The process started stealthily with the first penetration of a foreigner into Rwanda. When Germans took over Rwanda as part of their German East African colony, they found a strong kingdom that Arabs had not dared enter, in their search for slaves. The kingdom was protected by all Rwandans under the command of a king, in an environment of symbiotic existence.
Rwandans led a life of symbiotic existence in the sense that every Rwandan contributed to the sustenance of a compatriot. Children provided help, women did the home chores and men worked the land, looked after livestock or provided protection. Of course, these were not rigid tasks and anyone could take on any of the tasks, depending on the arrangement of the families.
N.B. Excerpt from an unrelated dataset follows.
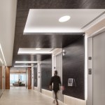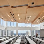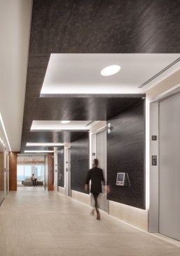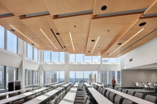 One of the most prominent design features on the 29th floor is a 400-seat double-height conference space designed to be divisible by a sky-fold partition, offering a large amount of pre-function space. The thoughtful selection of back-lit perforated ceiling panels creates soft lighting and is inspired by the city lights at night. Inside the conference space, stepped wall panels with cove lighting celebrates the high ceilings and creates visual motion and a dramatic impact. During the warmer months, tenants can take advantage of an outdoor terrace with comfortable

The same arrangement obtained in different sections of the Rwandan society. Since Rwandans led slightly different lifestyles, they depended on one another for a wholesome existence. One section was heavily dependent on land, another on livestock while another depended on hunting and gathering. With different skills and energies, they complemented one another and strengthened their assets and minimised their deficits.
Bahutu, Batutsi and Batwa were therefore terms that defined the lifestyles of a united people and not labels of different ethnic groups. To a European intending to exercise influence over them, Rwandans presented a formidable force that needed force and tact to rein in. For force, the colonialist had the gun. For tact, he devised the subtle approach of exploiting those differences.
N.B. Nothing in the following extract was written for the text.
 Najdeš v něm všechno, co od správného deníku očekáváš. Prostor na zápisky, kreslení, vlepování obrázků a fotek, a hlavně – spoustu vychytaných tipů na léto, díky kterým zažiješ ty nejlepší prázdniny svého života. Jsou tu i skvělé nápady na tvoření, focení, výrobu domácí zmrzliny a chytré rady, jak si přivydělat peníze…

That is how the Germans attempted to portray the different lifestyles as marking different races. That could not be borne out by science, however, and it did not stick. By the time the country was wrested from their clutch, they had not yet devised a plausible tool of division.
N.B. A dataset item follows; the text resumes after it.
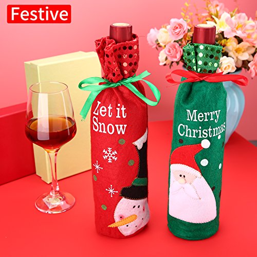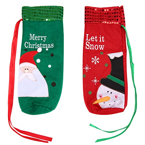 Wine Bottle Cover Set Bags Wrappers Dining Table Decor Gift Bags Uerlum Christmas Home Decor/Santa&Snowman Styles/Red&Green/Pack of 2

The Belgian who took over, noticing that Rwandans shared everything (language, culture, religious rites, etc), decided to ‘carve’ them into ethnic groups. He had noticed that many African countries hosted different tribes that did not share anything. Branding them ‘different ethnic groups’ and favouring one or the other at different times, he was able to put the ‘division-machine’ into motion.
Even then, it took many years of calculated crafting and coercion to break the obstinacy of a people who had managed to stave off all forces of influence this far. From 1916, the Belgian invested all the administrative and church resources into dividing these mountain warriors.
This skewed approach to the management of a society was a ‘revelation’ to the post-independence regimes’ elites and they took it on wholesale. They worked at portraying one section of the Rwandan society as foreigners who should be banished and, later, as foreign pests that should be eradicated. The pogroms against Batutsi of 1959, 1962, 1963, 1967 1973 and 1991 were all “practice genocides” that fed into the “mother genocide” of 1994.
However, all of them were based on an artificial social construct. When the Rwandan Patriotic Front (RPF) came in and showed Rwandans the route back to pre-colonial social cohesion, Rwandans started off hesitantly because they still suffered the ‘colonial/post-colonial hangover’. That hangover still holds many Rwandans in bondage. The victims of this ‘syndrome’ see governance in terms of privileges over their compatriots.
There are those who cannot reconcile with the idea that all Rwandans are one and must enjoy equal rights. Some are sympathisers of the regimes of Kayibanda/Habyarimana who espouse the idea that a Rwandan can only enjoy citizenship privileges if there is another one who is denied. They are in exile in the hope of one day being able to return the ‘division-machine’.
Others are those who joined the RPF liberation struggle with the wrong notion that, on winning the war, RPF fighters and other adherents would go for the spoils. They got to positions of power and used their offices to amass material wealth and to abuse the rights of others.
When they were held to account, they cut and ran into exile, there to shout abuse against their country and their erstwhile colleagues. They are hoping that foreign influence will cleanse their reputation and deliver them back home.
There are many other categories in between. What they all share is a selfish streak of self-aggrandizement at the expense of fellow Rwandans. However, they are a minute number ranged against the powerful tide of 11 million Rwandans. This is the 11-million-strong that today has shed its hesitation and is determined to work together to put the country right in the midst of civilised nations.
These 11 million Rwandans are the authors of the rapid progress that the country is registering by the day. They are solidly united around the cause of their ancestors who saw Rwanda as a world of opportunity for every Rwandan.
As we remember the truth of 1994, let’s celebrate and defend the dignity that we have restored to ourselves.